After the Grenfell Tower fire, people will remember external cladding as the culprit because the search narrowed rapidly to focus on a single cause of failure. It doesn’t seem that PVC windows were implicated in any way, despite attempts by anti-PVC campaigners to implicate them. But experience of what went wrong in previous fires suggests multiple failures will be to blame. It will be a mix of product, practice and policing, not just one cheaper product, or one inappropriate spec.
However fire starts, it’s essential to contain it to its point of origin. But typically we find many routes for fire to spread: fire doors not maintained, wedged open or missing; openings for pipes not stopped; the inadvertent creation of ‘chimneys’ behind the external cladding to accelerate fire etc. So when there is a fire there’s a high risk of it quickly getting out of control.
To reduce the number of serious fires, we need to raise awareness and change attitudes to the way we build and look after buildings.
In the welter of media comment and official statements on Grenfell, there was almost no informed comment. Most people know almost nothing about fire protection, but the Regulatory Reform (Fire Safety) Order 2005 devolved responsibility for fire risk assessment to individual businesses and property managers, without providing much to guide them. News of the change was poorly communicated, so most people are still not aware they are responsible. Legislation to force people to do the right thing is sometimes part of the answer, but usually only a small part.
Generally, people don’t know what they should do, nor what good practice is, and legislation doesn’t change that. Continuous large scale marketing communications so everyone does know is a first step. Then ‘policing’ to remind people, bring regulation breakers to book, and telling everyone they’ve been caught so people get it. We do it when we want to change risky practices such as seat belts, or drinking and driving. Why not fire?
Everyone was appalled by Grenfell. But the building is not a one off. Evidence suggests many buildings are at risk, and we’ll suffer more serious fires unless we improve Britain’s awareness and understanding of fire protection, and change our attitudes to the practice and policing of regulations. More legislation won’t make a difference. Those who scrupulously implement regulations will adopt the improvements. Those who don’t, won’t bother with new ones.

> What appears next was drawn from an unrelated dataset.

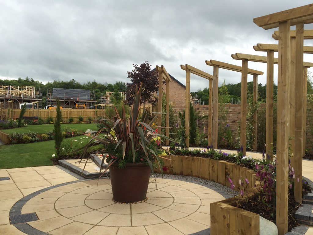 Design and build project of a linking show garden across the rear of two properties highlighting the possibilities in different size gardens. They both incorporate pergolas, raised planting beds with training planting, large statement pots and lawn areas. The front gardens showcase the properties with seasonal hanging baskets and specimens planting to the boundary.
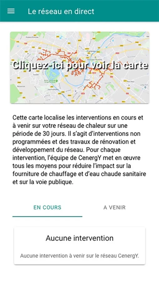 Cette application vous permet de suivre en direct votre réseau de chaleur : son actualité et les interventions en cours et à venir.

After Lakanal House ten years ago, where six people died, around 200 tower blocks across the UK were risk assessed and local authorities rectified them at considerable expense. There was an investigation and report with recommendations. But who put them into practice?
Fire professionals warned that Lakanal or worse could happen again, and it did. Nine years later, this February, Southwark Council was fined £570,000 for breaking fire safety regulations. Let’s hope someone in Government is listening this time.